Canadian researchers have developed a dreadful artificial intelligence (AI) that predicts what designer drugs will hit the streets before they’re even invented — in order to assist cops in cracking down on them. They created a model that can predict future designer drugs before they hit the market. But don’t get too excited: the researchers aren’t looking to create the next big thing. Instead, they want the cops to be the first to find it.
Medical researchers at the University of British Columbia announced that they had fed a machine learning algorithm a database of information on “known psychoactive substances,” with the goal of predicting new designer drugs before the chemists and dealers who sell them even have a chance to make them real.
Worse, UBC not only boasts that it is creating a “‘Minority Report’ for new designer drugs,” with no apparent understanding that “Minority Report” was a cautionary tale, but the press release associated with the project also makes it clear that they are doing so to assist cops in fighting the drug war — which, of course, has been a dismal failure.
Rather than receiving traditional training in a meth lab, the neural network was trained on a database of known psychoactive substances. The model advanced to creating its own concoctions after meticulously studying the structures of these drugs. The inexperienced chemist proved to be a quick study. It generated structures for a whopping 8.9 million potential designer drugs in total. While others retired to a life of experimental inebriation, the hardworking researchers had more work to do.
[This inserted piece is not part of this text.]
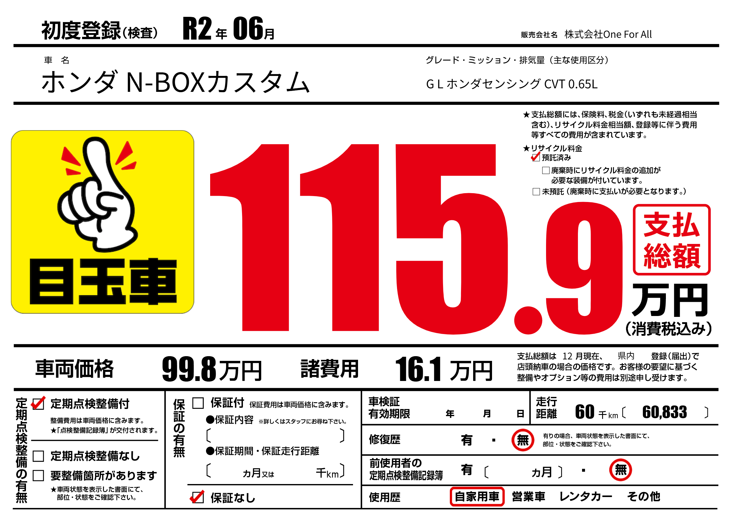 | 走行キロ | 6万km | 初年度登録 | R2年06月 |

One of the senior authors of a paper on the UBC neural network published in the journal Nature Machine Intelligence joined the ranks of those who completely misread cautionary speculative fiction when touting this dangerous new AI, according to an actual quote from the press release.
“The fact that we can predict what designer drugs will appear on the market before they actually appear is a bit like the 2002 sci-fi film, ‘Minority Report,’ where foreknowledge about criminal activities about to take place helped significantly reduce crime in a future world,” computer scientist David Wishart boasted. “Essentially, our software gives law enforcement and public health programs a head start on the clandestine chemists and tells them what to look for.”
While this type of machine learning appears to have the potential to fail in the same way that so many others have, it appears that police departments in Europe and the United States are already using it. So far, UBC has boasted about its use by the US Drug Enforcement Agency, the European Union’s Monitoring Centre for Drugs and Drug Addiction, and even the United Nations Office on Drugs and Crime.
Law enforcement agencies are racing to identify and regulate new versions of dangerous psychoactive drugs like bath salts and synthetic opioids, even as covert chemists work to synthesize and distribute new molecules with the same psychoactive effects as traditional drugs of abuse.
It can take months to identify these so-called “legal highs” within seized pills or powders, during which thousands of people may have already used a new designer drug. However, new research is already assisting law enforcement agencies worldwide in reducing identification time from months to days, which is critical in the race to identify and regulate new versions of dangerous psychoactive drugs.
Again, it’s worth noting that the stated goal of the drug war — eradicating the harms of drug addiction and bringing to justice the undeniable bad guys who steal and kill in the service of said drugs — has been a massive failure thus far. And if its new frontier is based on a film based on the book that popularized the term “pre-crime,” we’re in big trouble.